The bleak prison monotony, the gray uniforms, the gray days, inside the gray barred walls of the gray city, gave over to electric moments of excitement and horror. Many of the convicts, and especially the men sentenced to life terms, were desperate and prepared to risk death for the possibility of even brief freedom. Opportunities to escape were regarded seriously. Pat McDermott, a murderer considered one of the most dangerous inmates, scaled the walls with two other murderers and two armed robbers.
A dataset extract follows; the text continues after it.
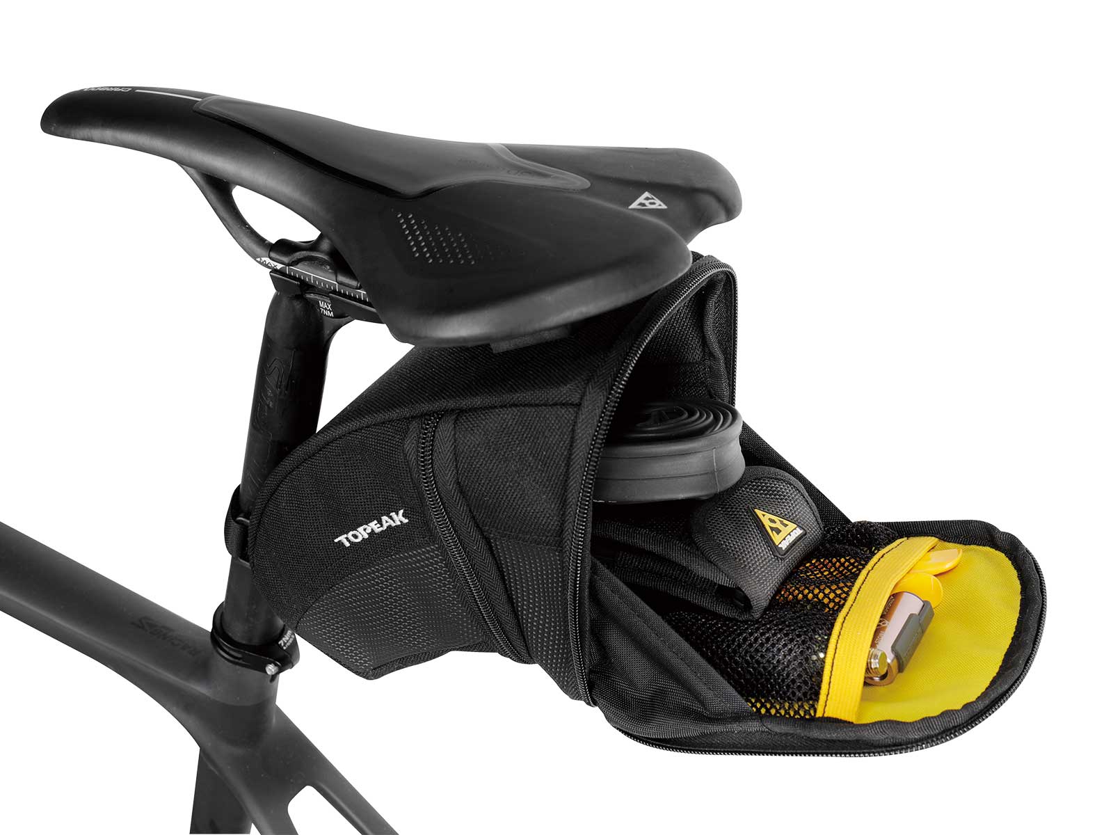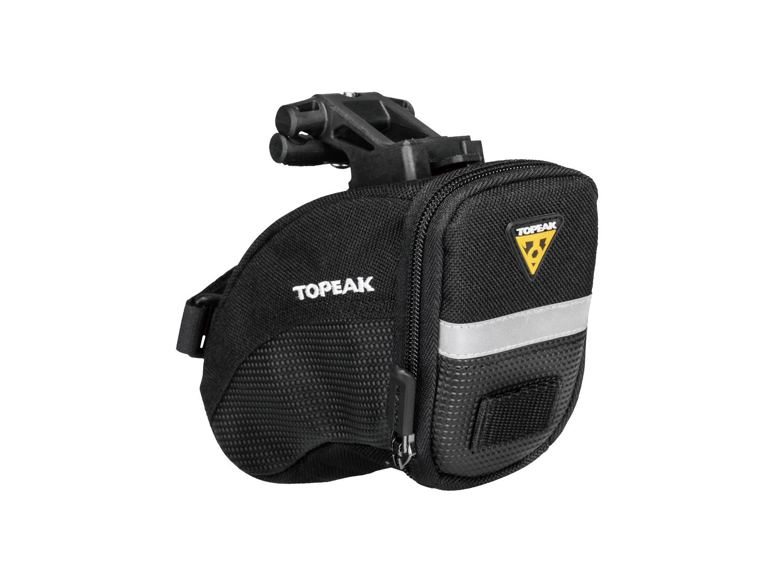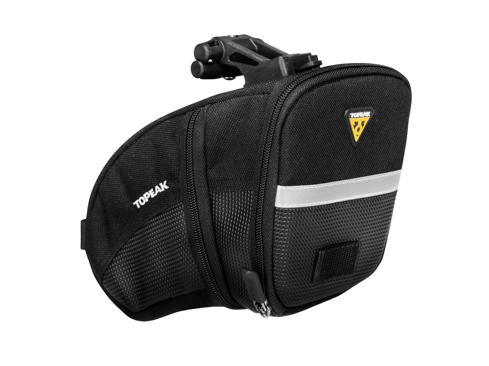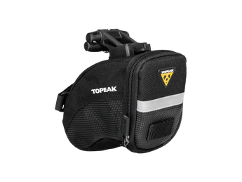 Aerodynamic seat bag holds tubes, tools and other repair items. Mounts and removes quickly with our innovative QuickClick® system. Four sizes offered to exactly fit rider’s needs.

They were at large for several weeks during Chester’s second month in prison. Later on, the guards in the yard shot and killed a black convict during a scuffle, and prisoners briefly overcame the guards in a recreation room and held them at gunpoint, until one fearless captain restored order, clubbing some men into submission and emptying a revolver into others. Then, on February 28, 1930, Dr. James Howard Snook, an Ohio State professor and gold medalist at the 1920 Olympics, was electrocuted for the murder of a coed. The men yelled obscenities at the professor as he passed on his way to “the cooker,” as the convicts dubbed the electric chair. During the five full years that Chester stayed in the penitentiary in downtown Columbus, the death house and its “lightning ride” was the final destination for about forty-five men.
The guards attempted to enforce extensive rules—no whistling, no talking in line, no talking after lights out—to regulate behavior and demonstrate their control of the yard, but they were outnumbered by the often unruly men. All the myriad rules were negotiated and renegotiated. Prisoners feared deadly violence from one another more than from the guards. Typically each imprisoned man armed himself with a homemade knife called a “chiv,” and other assorted blades and clubs. The convicts ridiculed the warden and his staff, the prison doctors, and the chaplain, sometimes appropriately so, as men unfit for life outside of the prison. The professionals were flawed and unable to operate in the legitimate corporate or government world; the guards were too inept to perform as policemen or soldiers. The authority of the guards—themselves only a step beyond poverty—and other employees of the prison lay as much in coercion as it did in willful submission and cooperation. They were known to use the extralegal tactics at their disposal: prevarication, theft, brutality, and murder. But they also urged on friendships and cultivated relationships with prisoners. All were given the honorific title “captain.”
The warden of more than fifteen years, Preston Thomas, liked telling the men during the chapel services “in these hands I hold your destinies.” He struck the bulk of the convicts as corrupt, a profiteer from narcotics trafficking who allowed men like Toledo gangster Thomas Licavoli to run the prison. Chester described the warden as an addling big man wearing on his ring finger a diamond as big as a robin’s egg to make plain which side of the law he believed in. It would require the governor sending the National Guard to the prison to make Thomas finally resign in 1934.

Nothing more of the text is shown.